Work instruction → Go through the entries below and print, exactly, the lines starting at the one with "大胆に生地を使い細かいプリー" and ending at the one with "Інгредієнти б>: наповнювач: сорбіт;", keeping both ends and no others.

Records for this exercise →
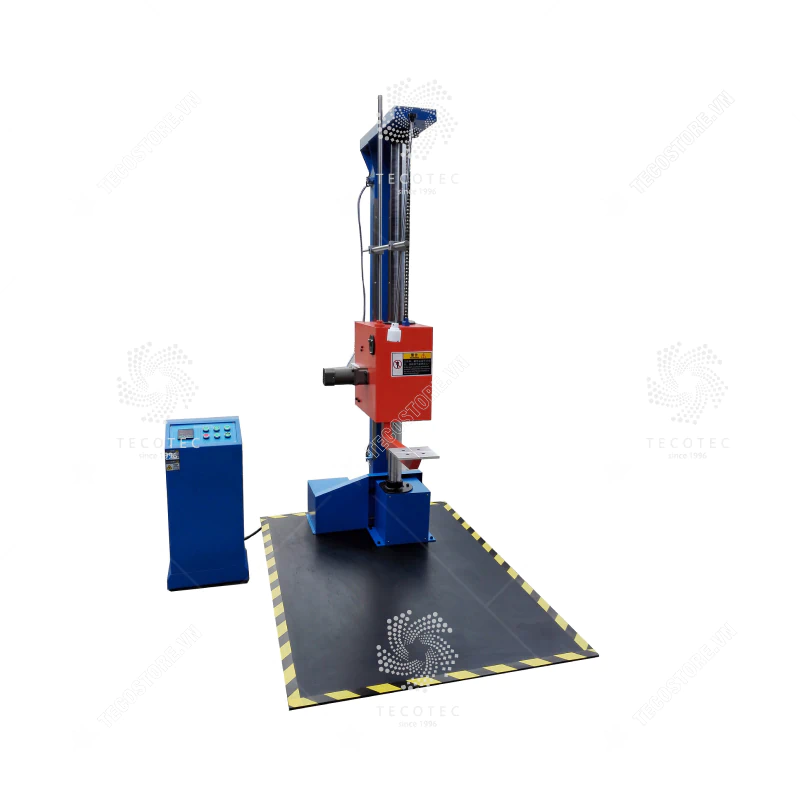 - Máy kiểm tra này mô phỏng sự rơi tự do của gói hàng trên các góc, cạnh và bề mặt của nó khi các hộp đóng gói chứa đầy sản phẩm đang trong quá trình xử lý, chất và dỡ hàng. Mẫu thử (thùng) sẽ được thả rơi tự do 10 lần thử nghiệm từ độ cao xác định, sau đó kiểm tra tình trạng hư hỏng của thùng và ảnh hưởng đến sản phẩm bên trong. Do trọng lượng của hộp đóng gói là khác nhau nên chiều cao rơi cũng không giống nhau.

--

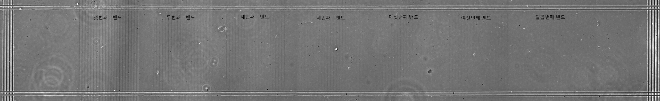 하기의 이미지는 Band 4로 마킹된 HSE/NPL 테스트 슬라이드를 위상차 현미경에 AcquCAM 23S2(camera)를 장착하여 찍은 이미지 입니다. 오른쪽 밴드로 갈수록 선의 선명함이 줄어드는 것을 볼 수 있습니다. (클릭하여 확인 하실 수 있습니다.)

* * *

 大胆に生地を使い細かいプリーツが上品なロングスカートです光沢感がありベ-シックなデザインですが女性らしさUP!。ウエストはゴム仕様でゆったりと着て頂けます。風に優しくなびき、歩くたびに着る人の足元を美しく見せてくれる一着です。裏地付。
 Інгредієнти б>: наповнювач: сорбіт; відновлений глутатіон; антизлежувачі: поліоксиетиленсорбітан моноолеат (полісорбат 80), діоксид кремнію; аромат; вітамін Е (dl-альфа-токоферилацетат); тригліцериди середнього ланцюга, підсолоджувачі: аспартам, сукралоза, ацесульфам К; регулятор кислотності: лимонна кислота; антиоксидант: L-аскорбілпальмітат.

Written reply →
 大胆に生地を使い細かいプリーツが上品なロングスカートです光沢感がありベ-シックなデザインですが女性らしさUP!。ウエストはゴム仕様でゆったりと着て頂けます。風に優しくなびき、歩くたびに着る人の足元を美しく見せてくれる一着です。裏地付。
 Інгредієнти б>: наповнювач: сорбіт; відновлений глутатіон; антизлежувачі: поліоксиетиленсорбітан моноолеат (полісорбат 80), діоксид кремнію; аромат; вітамін Е (dl-альфа-токоферилацетат); тригліцериди середнього ланцюга, підсолоджувачі: аспартам, сукралоза, ацесульфам К; регулятор кислотності: лимонна кислота; антиоксидант: L-аскорбілпальмітат.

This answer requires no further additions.